▶ _DATA SHOWN_
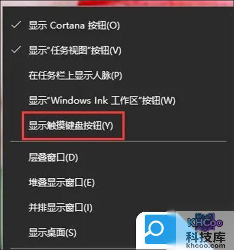 1、右键点击任务栏空白处,点击“显示触摸键盘按钮”。
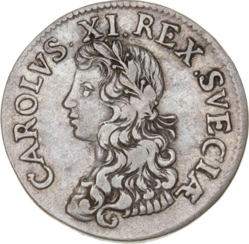 Carl XI facing left. Types: I) Poorly defined bust touches rim, continuous legend. II) Long flowing hair, continuous legend. III) Small curly hair, continuous "REX·SVECIÆ". IV) Small curly hair, divided "REX.SVECIÆ".
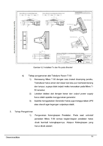 1) Memasang Mbes T-50 dengan cara braket disamping perahu,
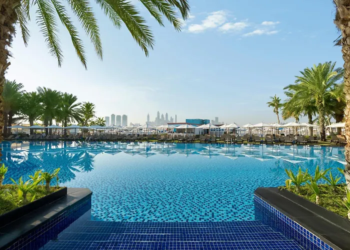 Rixos The Palm Hotel & Suites offers a luxurious stay with panoramic views of the Arabian Gulf and Dubai's skyline. This 5-star Dubai hotel features spacious accommodations, multiple dining options, and a private beach. The resort provides an extensive array of family-friendly amenities, including a kids' club and wellness facilities.
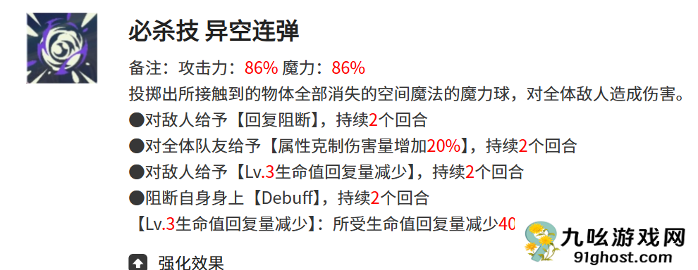 异空连弹是兰吉尔斯的必杀技能,该技能的攻击力和魔力均为86%,该技能使用后,兰吉尔斯会向敌人方向投掷出能够将所有接触的物品全都给消失的空间魔力球,空间魔力球在接触到敌人时,还会给敌人附加上回复阻断的效果和生命值回复量减少的效果,给我方全部的队友附加上属性克制伤害量增加20%的效果,最主要的是该技能可以直接将自身的Ddbuff给阻断。
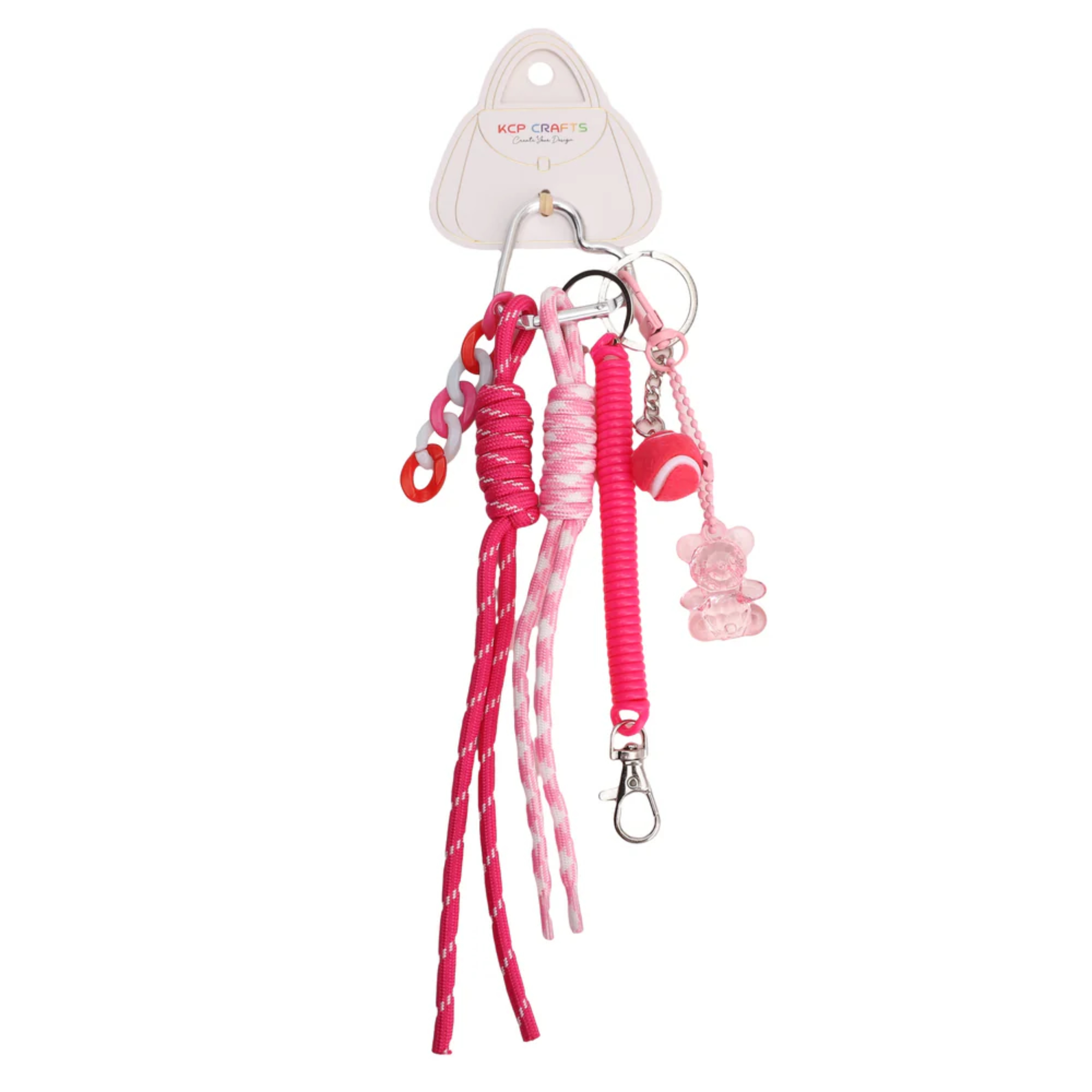 This pink-red multi-strand bag chain features braided cords, tassel details and cute charms, perfect for adding a sweet, playful touch to bags.

▶ _INSTRUCTIONS FOR THE TASK_
Your task is to repeat the records exactly. Images do not belong in the copy.

▶ _SOLUTION FOR THIS EXERCISE_
 1、右键点击任务栏空白处,点击“显示触摸键盘按钮”。
 Carl XI facing left. Types: I) Poorly defined bust touches rim, continuous legend. II) Long flowing hair, continuous legend. III) Small curly hair, continuous "REX·SVECIÆ". IV) Small curly hair, divided "REX.SVECIÆ".
 1) Memasang Mbes T-50 dengan cara braket disamping perahu,
 Rixos The Palm Hotel & Suites offers a luxurious stay with panoramic views of the Arabian Gulf and Dubai's skyline. This 5-star Dubai hotel features spacious accommodations, multiple dining options, and a private beach. The resort provides an extensive array of family-friendly amenities, including a kids' club and wellness facilities.
 异空连弹是兰吉尔斯的必杀技能,该技能的攻击力和魔力均为86%,该技能使用后,兰吉尔斯会向敌人方向投掷出能够将所有接触的物品全都给消失的空间魔力球,空间魔力球在接触到敌人时,还会给敌人附加上回复阻断的效果和生命值回复量减少的效果,给我方全部的队友附加上属性克制伤害量增加20%的效果,最主要的是该技能可以直接将自身的Ddbuff给阻断。
 This pink-red multi-strand bag chain features braided cords, tassel details and cute charms, perfect for adding a sweet, playful touch to bags.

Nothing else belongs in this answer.